Trying Pilates Moves On A Rowing Machine Is A Genius TikTok Hack

No Reformer? No problem!

Olivia Rodriguez/TikTok/Elite Daily

When content creator Olivia Rodriguez (@hellooliviablog) shared a TikTok of her doing Pilates moves on a rowing machine at her gym, she had no idea it would go viral. “I could not believe it. I was in absolute shock,” Rodriguez tells Elite Daily. “I uploaded the video and closed the app, thinking it would flop.” A few hours later, her best friend started blowing up her phone, telling her she was going viral. With how expensive some Pilates Reformer machines are, it makes sense that TikTokers are looking for hacks to recreate the experience in a budget-friendly way, and Rodriguez is sharing all the best Pilates moves to do on a rowing machine.

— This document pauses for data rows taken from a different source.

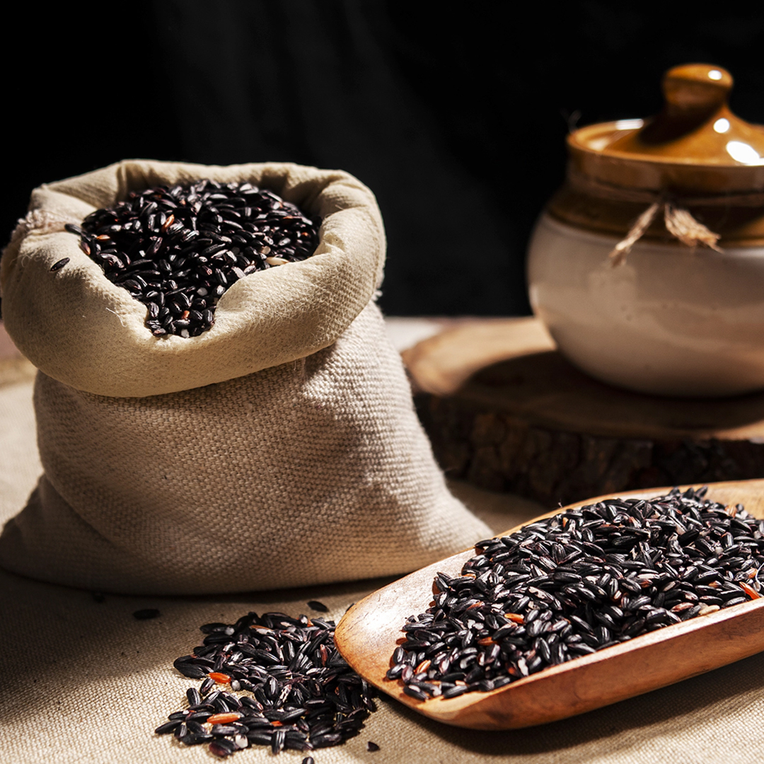 Black rice, which is also known as forbidden rice, is healthier than white rice. This is because in the milling process of white rice, the husk, bran, and germ are removed, thus stripping away the protein, fibre and other essential nutrients of white rice. Whereas in the milling process of the black rice fibre and vitamin-rich outer layer (bran) and its nutritious underlying fatty layer are not removed. Therefore, black rice has more protein, fibre and vitamin E antioxidants as compared to white rice.
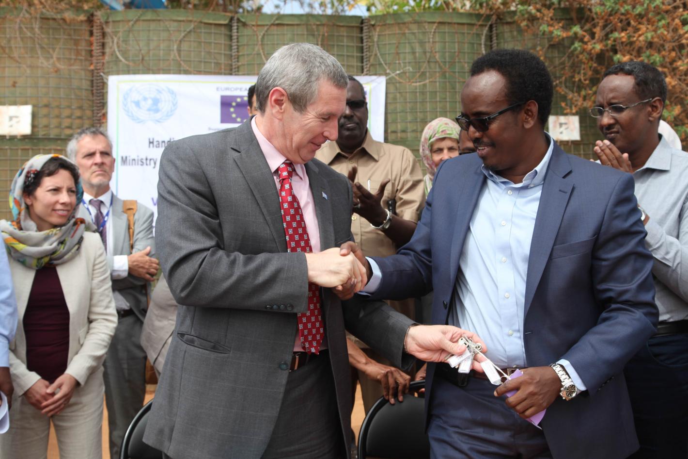 The Deputy Special Representative of the United Nations Secretary-General (DSRSG) for Somalia, Peter de Clercq (left), hands over keys for donated vehicles to the Jubbaland Minister of Justice, Constitutional and Religious Affairs, Adan Ibrahim Awhersi on 19 September2016. The DSRSG was in Kismayo to discuss with the Jubbaland leadership the plight of returnee Somali refugees from Dadaab. UN Photo
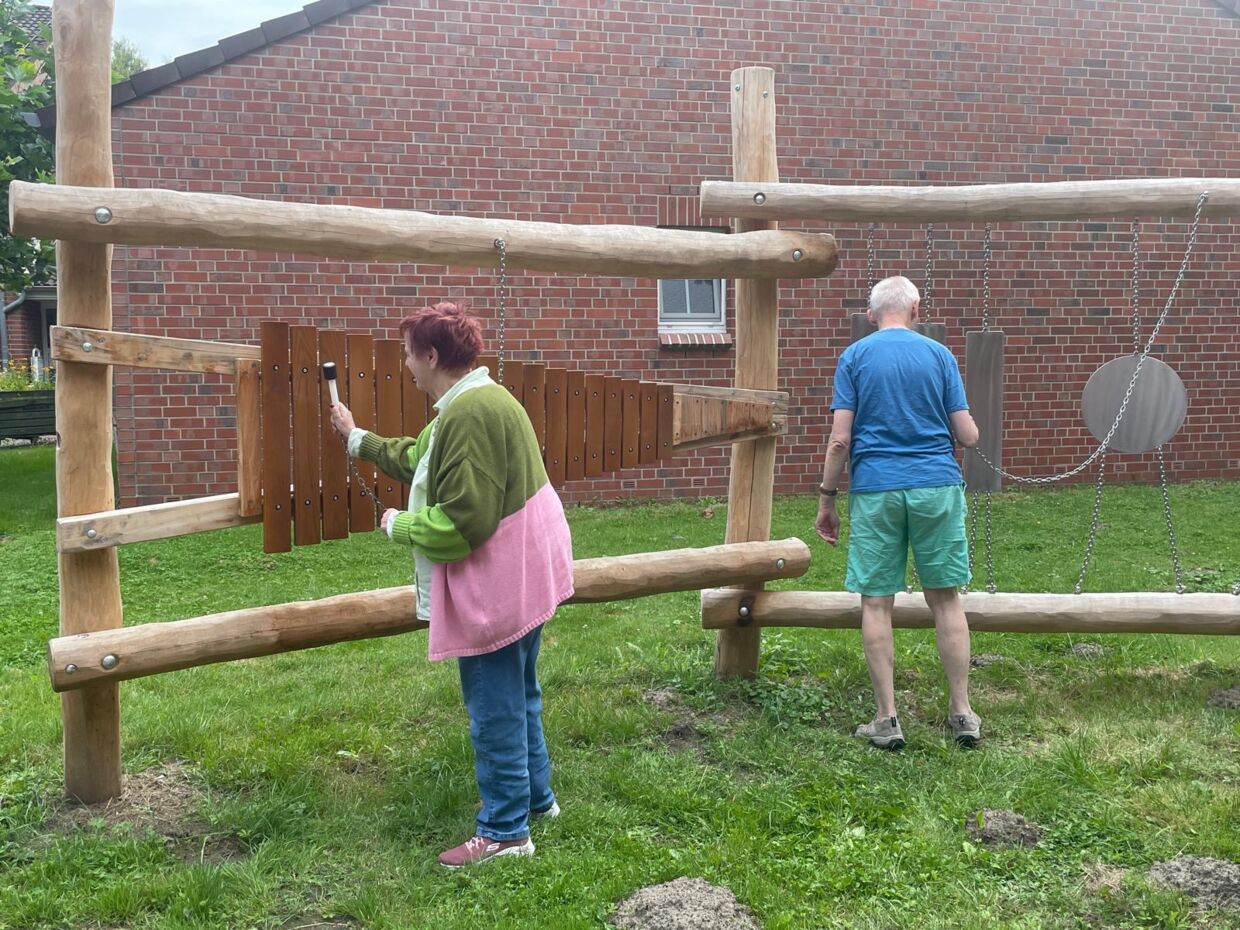 Die Einrichtungsleiterin Melanie Dylong und ihre Stellvertreterin Martina Fehnker begrüßten herzlich alle Bewohnerinnen und Bewohner wie auch das ganze Team und führten die große Klangwand im Garten vor. Die schönen Klänge begeisterten alle Anwesenden und sorgten für eine besondere Atmosphäre. Im Anschluss hatten die Bewohnerinnen und Bewohner die Möglichkeit, selbst kreativ zu werden und die Klangwand mit Xylophon auszuprobieren.
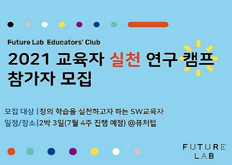 퓨처랩에서는 "SW교육은 어떻게 창의학습으로 전환되는가?" 웨비나 후속으로 오는 7월 22일(목)~24(토)까지 퓨처랩에서 <2021 교육자 실천연구 캠프>를 개최합니다.
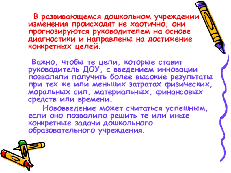 Важно, чтобы те цели, которые ставит руководитель ДОУ, с введением инновации позволяли получить более высокие результаты
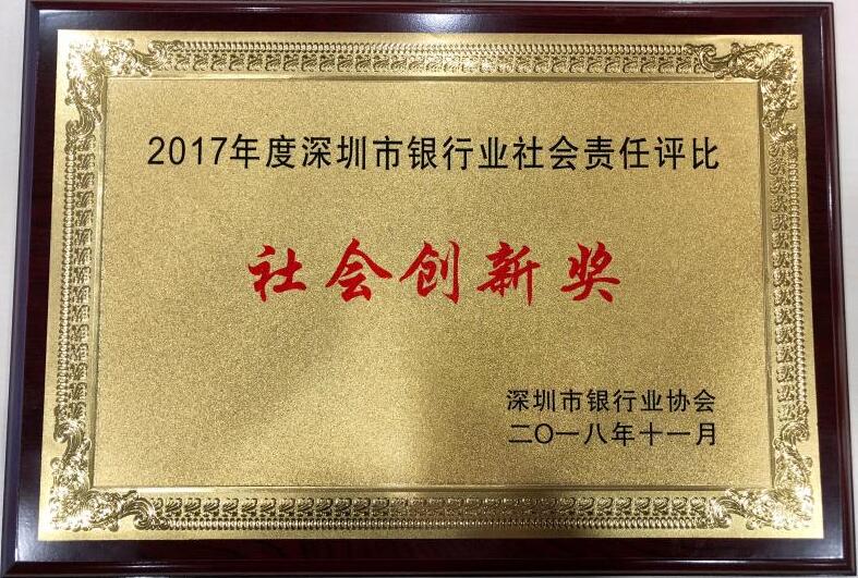 2018年11月,中信银行深圳分行获2017年度深圳市银行业社会责任评比社会创新奖。
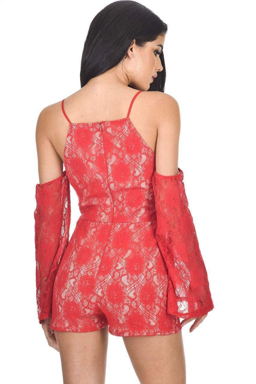 This red cut out shoulder lace contrast playsuit is perfect for a
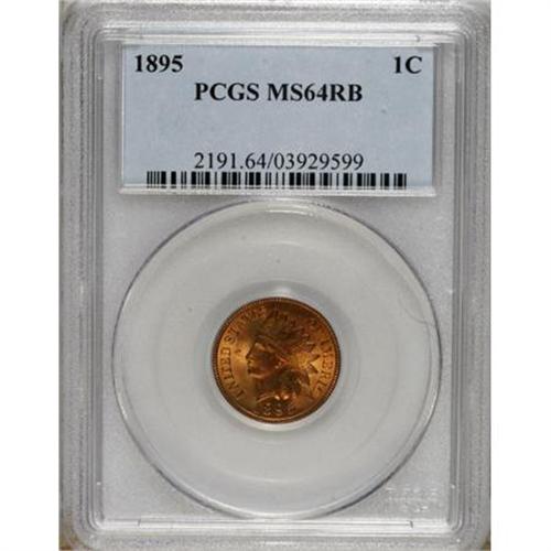 <B>1895 1C MS64 Red and Brown PCGS.</B></I> PCGS Population (132/20). NGC Census: (129/87). Mintage: 38,343,636. Numismedia Wsl. Price for NGC/PCGS coin in MS64: $100. (#2191)<BR><BR><b>Shipping:</b> Coins & Currency (<a target="_blank" href="http://www.heritageauctions.com/common/shipping.php">view shipping information</a>)

“I saw one of the trainers at my gym using the rowing machine and the movement of it reminded me so much of a Reformer,” Rodriguez told Elite Daily about what gave her the idea. “It was like a light bulb went off in my head. The next day when the gym was completely empty, I pulled it out and just started building my own little Reformer with the equipment around me.” While she says the big difference is that there is “no resistance,” this can actually be beneficial. “The beauty of it is, without resistance, it forces you to rely more on your strength and tightening up every muscle,” she said. Another major plus is that rowing machines are easily found at almost any gym. All you need is the right moves to practice, and Rodriguez shared seven Pilates exercises you can easily do on a rowing machine.

Side Split
Olivia Rodriguez

The first move Rodriguez demonstrates in her viral TikTok video is a side split with a rowing machine. With one knee on the apparatus and the other standing firm on the floor, she moves her leg on the rowing machine out and holds before coming back in. You want to engage your core to really feel a burn from this exercise. Rodriguez says she does 10 reps of each move with “three rounds of slow and controlled movement.”

Olivia Rodriguez

“Doing a movement like a pike is unmatched and so challenging,” Rodriguez said. Her favorite Pilates moves to do with a rowing machine are the ones “that work out your core,” and this is one that she loves. To perform a Pike with a rowing machine, bring a block over and start in a plank position with your arms on the block and feet on the rowing machine. Bring your legs in towards you so that your body forms an upside down V shape.

Bear Plank
Olivia Rodriguez

Another Pilates move that begins in a plank position is this bear exercise, or a tabletop. From your plank with your arms shoulder-width apart on the block and feet on the rowing machine, bring your legs into a tabletop position. Keep your back flat and in line with your neck.

Twist Crunch
Olivia Rodriguez

A twist crunch is easy to do with a rowing machine as well. Just begin in the same plank position with your feet on the machine, and slightly twist your body to one side. Bring your legs in like you did in the bear plank, and feel the burn in your abs. This is a great core workout. Just remember to repeat on the other side with 10 reps each.

Olivia Rodriguez

Flip around so that your arms are on the rowing machine and your legs are on the block for your next Pilates move. Begin with your knees down on the block from your plank position. As you inhale, slowly extend your arms out in front of you. Rodriguez does this exercise with her elbows down on the rowing machine, but you can also do this with your hands down if that’s easier. Once you return to your starting plank position, repeat for about 10 reps.

Skater Lunge
Olivia Rodriguez

Grab some dumbbells to deepen your skater lunge stretch, like Rodriguez does. With one leg firmly on your block, push out the other leg while in a squat position. As your leg is extending out, bring your arms in for a hammer curl. After about 10 reps, switch to the other leg. Rodriguez does another variation of the skater lunge, but with bicep curls. This is perfect for a full body workout of your arms, legs, and core.

Olivia Rodriguez

To “lift your booty,” try this hamstrings Pilates workout with a rowing machine. With your shoulders and head on the floor and feet on the rowing machine, lift up your booty into a tabletop position. Keep your arms straight on the floor underneath you for balance. While you can always just hold here for a quick burn, you can get more of a hamstrings workout by extending your legs out and bringing them back in to your starting position for about 10 reps.